Because I use the three-step program to treat incoming fish, and because worm infections are relatively easy to diagnose and treat (with the possible exception of camalanus), the most common disease I encounter in the "disease-free" fish room is columnaris. In fact it is impossible to rid the fish room of columnaris. It shows up when conditions in the fish room deteriorate, especially when the water is fouled, or has a high bio-load.

Columnnaris is a gram negative, aerobic, rod shaped bacterium called Flavobacterium columnare. There are different species, some extremely infectious and deadly. A strain for which your fish have not immunity will often be introduced into a stable fish room by new fish.

The symptoms of an outbreak are fairly obvious. What I have noticed is the fish suddenly become weak, barely able to lift themselves off the bottom of the tank, or hovering at the back and top of the tank. They may shimmy. Their fins may close.

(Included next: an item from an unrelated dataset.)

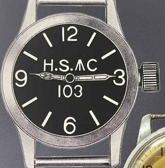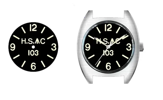 『H.S』はHydrogaphic Survery(水位測量)の略であります。その横には『↑』のブロードアローの印字があります。隣にはH.S.の後通常腕時計を表す『8』が記載されるのですが、ここには『C』と記載されています。『C』はメーカー記号と解釈されていましたが、1945年2月8日の696.-クロノメーターと時計 パターン番号の割り当て表には、腕時計、パターンH.S. C 「および 」A.T.P: "は、タウントンのクリーチバロウ・ハウスにある水文学者(Hydrographer)が特定の特別な業務のためにのみ供給しているため、上記のリストには含まれていない。との記載された文章が見つかりました。特殊業務目的に作成された文字盤のようです。6時上に書かれた『103』は海軍管理下のコードナンバーが記されています。なんとも記号化された文字版のロゴに深みを感じてしまいます。かなり希少な文字盤です。何か明確な目的があった事は確かなようです。この味わい深い文字版デザインが好きで前回 「Royal Army W-10 H.S. dial」を製作させていただきました。以降販売開始から約2年半、世界のミリタリーウォッチファンから人気を得てきた商品です。今回このデザインを色彩豊かによりファッショナブルに楽しめるようにデザインいたしました。

You have to jump on this right away. Do a fifty percent water change (siphoning all debris from the tank) and thoroughly rinse out your filter media in the water siphoned from the tank. Add five or six drops of Potassium Permanganate (PP) to the tank (per five gallons), depending on the strength of PP you are using. The water should turn purple. After a few hours it changes to a brownish, yellowish color. Add five or six more drops.  I use a product sold as a "water clarifier." Do a search on the Internet for a source for this medication and be very careful how much you use. Because it is a caustic alkali it can burn your fish's sensitive gills, causing permanent damage. It will also burn away a lot of the organics in the water, which may have created the bacterial bloom in the first place. Or it could be a fouled filter.

Do not feed your guppies, even if they seem to rise in the morning hungry.

Once they appear to recover a bit and return to feeding, move them to a clean, but not sterile, tank with the same parameters as the tank they have been moved from and sterilize the tank they were removed from with bleach.

Sourcing Medications

Medications I have listed here are available in the U.S. and Canada and some international countries, but not all. And the availability of the medications in small towns and in some stores varies greatly. Many online pet pharmacies will not ship internationally. A good place to look for medications is eBay. Often sellers will ship to your country, although if the medication is prohibited in your country it may be seized by customs.
Another alternative is to use a freight forwarder like reship.com. The product is shipped to this company’s address and then repackaged and shipped to your address. I have never used this service and cannot recommend it for obvious reasons.